Likewise, there is nothing to seriously fault with the Dolby Digital 2.0 soundtrack, which is as good as the low-budget recording allows it to be. In one or two places, it can be difficult to make out what Gerardo Naranjo is saying beneath his accent in one or two places (Naranjo jokingly admitting in the commentary that he can concentrate on speaking English or acting, but not both at the same time), but character and authenticity is more important than diction here, and for the main part of the film, the soundtrack is just fine.
For anyone with any problems making out dialogue however, Benten have kindly included full optional English subtitles in a nice white font.
Again, you can always rely on Benten to pack their releases with informative, relevant and often unusual extra features. In keeping with the fun element as well as being informative, the Commentary features director Azazel Jacobs and his co-stars Gerardo Naranjo and Sara Diaz. It’s mostly screen-specific, each of them relating anecdotes, impressions and observations about each scene, but it’s entertaining throughout.
Into the unusual category, there is The Whirled (19:25), a short film by the director’s father Ken Jacobs, compiled from several experimental underground pieces filmed between 1956-63, mainly involving a lot of dressing up and larking around. Reportedly an inspiration for The GoodTimesKid, I don’t see the connection myself other than it being in the spirit of the piece. A short film by Azazel Jacobs, Let’s Get Started (3:01) starring Sara Diaz however has the same, uh… freewheeling qualities.

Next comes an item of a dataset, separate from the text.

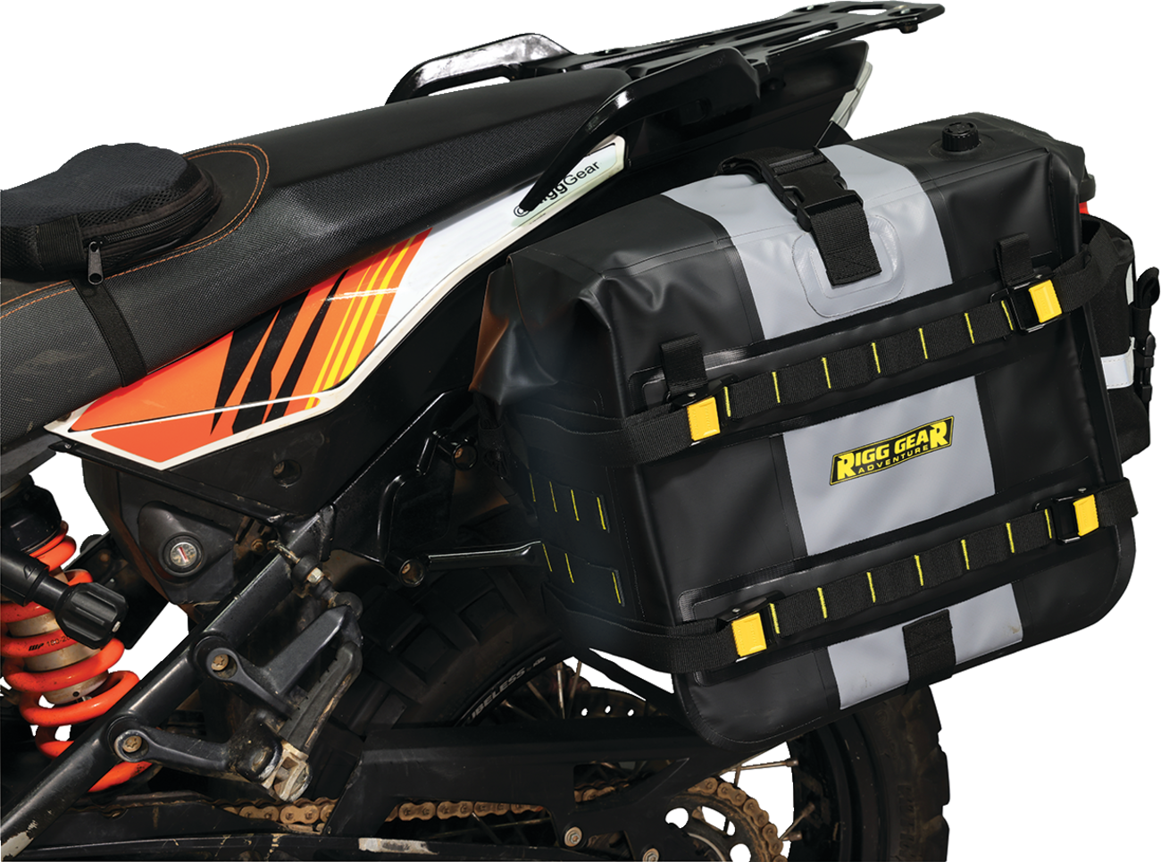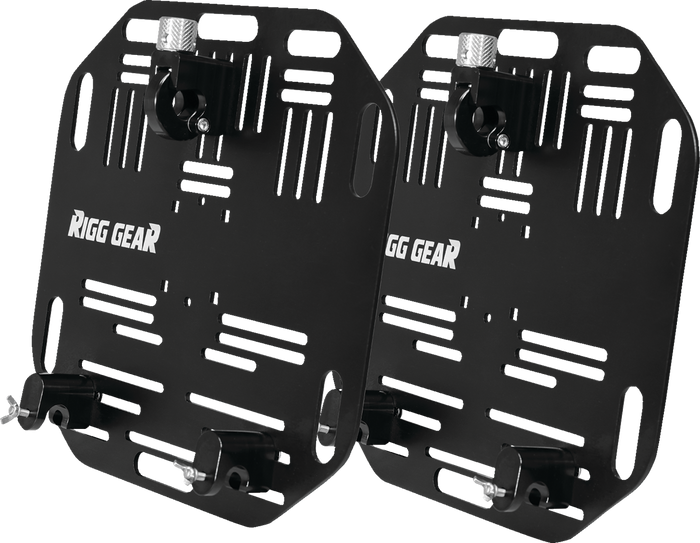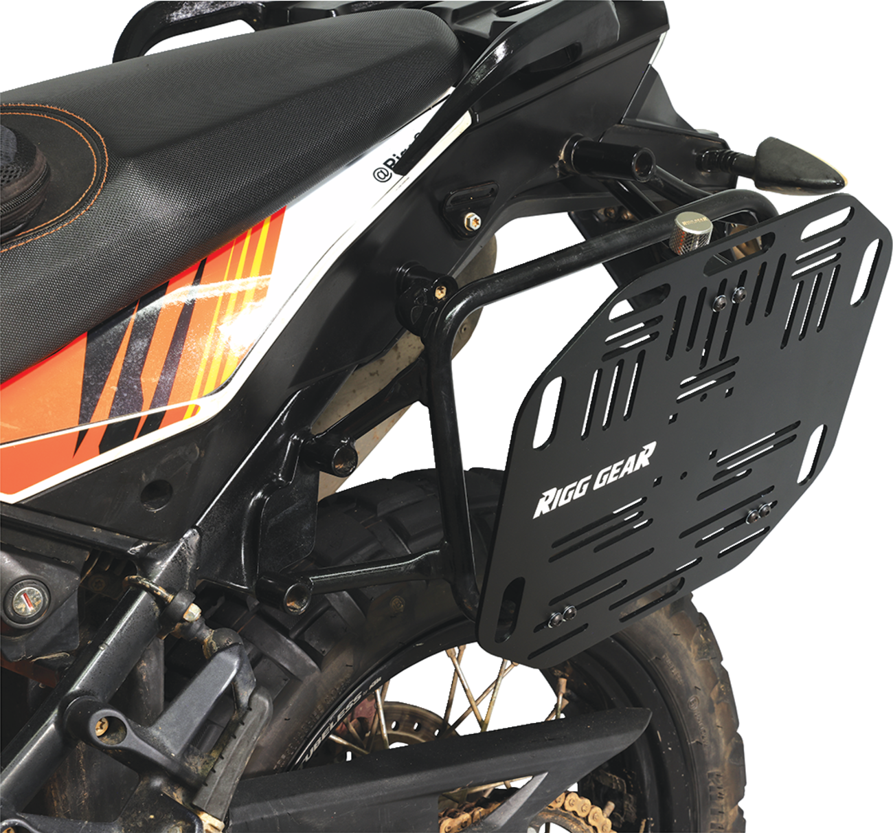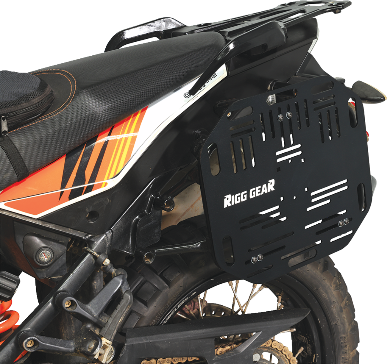 Universal saddlebag quick release plate. Aircraft grade aluminum plate and mounting hardware. Powder-coated and anodized finish for maximum durability. Stainless steel screws and washers will not rust. Fits most tubular pannier racks up to 18mm and 20mm racks with optional latch. Compatible with racks offset for exhaust with optional aluminum extension. Designed for Rigg Gear Hurricane and Sierra saddlebags. Works with Sierra or other dual sport saddlebags with optional strap. Accomodates most aftermarket soft panniers. Lockable release latch (lock sold separately). Can be hard mounted to most plastic hard cases. Rotopax ready. 30 lb weight limit or the weight limit of your pannier pack (whichever is lesser).

Some Deleted Scenes (5:10) show a Diaz dance outtake, the footage used for the TV soap and one genuine deleted scene where Rodolfo returns home during the house-party for his birthday. Rounding out the extras is a Photo Gallery (7:05) slideshow of 85 stills, mostly behind-the-scenes with some shots of script and notes, and a Trailer (3:49) made-up entirely and unusually from the clapperboard cuts of each scene, where hand-claps make do for the broken slate.
A booklet contains some observations on the film and its unclassifiable brilliance by Glenn Kenny. No arguments there.
Listed as one of the 10 writer/directors to watch by MovieMaker magazine in 2008, Azazel Jacobs has succeeded in breaking through to the mainstream while retaining his indie roots with Momma’s Man even securing UK distribution earlier this year, but the talent is clearly evident in this his second feature from 2005. The GoodTimesKid is light, entertaining and quite brilliant, remaining true to US indie ethos and themes, as much as in its delightful storytelling, as in its making. It’s good to see another release from Benten Films, and it’s great to see that their ethos hasn’t altered either, presenting the film well on DVD with plentiful and original extra features.